The armature windings will not share the current and the commutator will get heated assymetricaly. Normally a motor takes a lage current to start but the heat is distributed as the motor rotates, then as the motor speeds up the current reduces and windage cools the armature.

#### eKretz

Apr 8, 2013
251
Yep, I know that. But these FFB wheel makers have been doing it for the last 10+ years with most of them having minimal problems. I'm just trying to figure out if there's something I can do (since I don't have to worry about the company bean counters insisting on cheap parts like they do) to make them work better.

#### duke37

Jan 9, 2011
5,364
"Yep, I know that. But these FFB wheel makers have been doing it for the last 10+ years "

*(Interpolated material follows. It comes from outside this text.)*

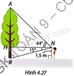 \(AH = NH.\tan HNA \approx 5,6.\tan {44^o} \approx 5,4\left( m \right)\).

How do they achieve the force feedback?

#### eKretz

Apr 8, 2013
251
I'm not sure I understand the gist of your question, as it seems very general in nature, but they are taking the FFB signals in and outputting power to the motors through an H-bridge controlled by a Microchip PIC-16? controller. Not sure if PIC-16 is correct, going by memory. There is a photosensor and optical grid wheel for location reporting, as well as a hall sensor and steel pin for "zero" calibration.

#### duke37

Jan 9, 2011
5,364
So the computer could know that the motor is stalled and could reduce the current to a safe level. A short burst now and then could be generated to see if the motor would be able to overcome the resistance.

#### eKretz

Apr 8, 2013
251
Nope that isn't happening as far as I can tell. When the wheel pulls to the left for instance while you are making a right hand turn, the force is constant until you are through the turn. It only applies as much power as is necessary to simulate the force needed, and it scales the force to the wheel's ability to produce torque, so it's not constantly stalled at full voltage and amperage. I have an ammeter on the power supply, so I think I would see it if it was fluctuating much. I am now very tempted to hook up my oscilloscope and get a snapshot of exactly what is happening though. I have 4 channels but only 2 probes at the moment or I'd probe the motor leads and see exactly how the voltage and current (with a sensing resistor) is adjusting.

My biggest hurdle is really the cooling issue I guess. I have a setup that is working but it's complex and I'd really like to find a simpler solution. I was hopeful that using a bigger motor but taxing it less (by using a series resistor maybe to reduce the larger motor's current draw) might do the trick, but it sounds like Steve is saying that wouldn't work.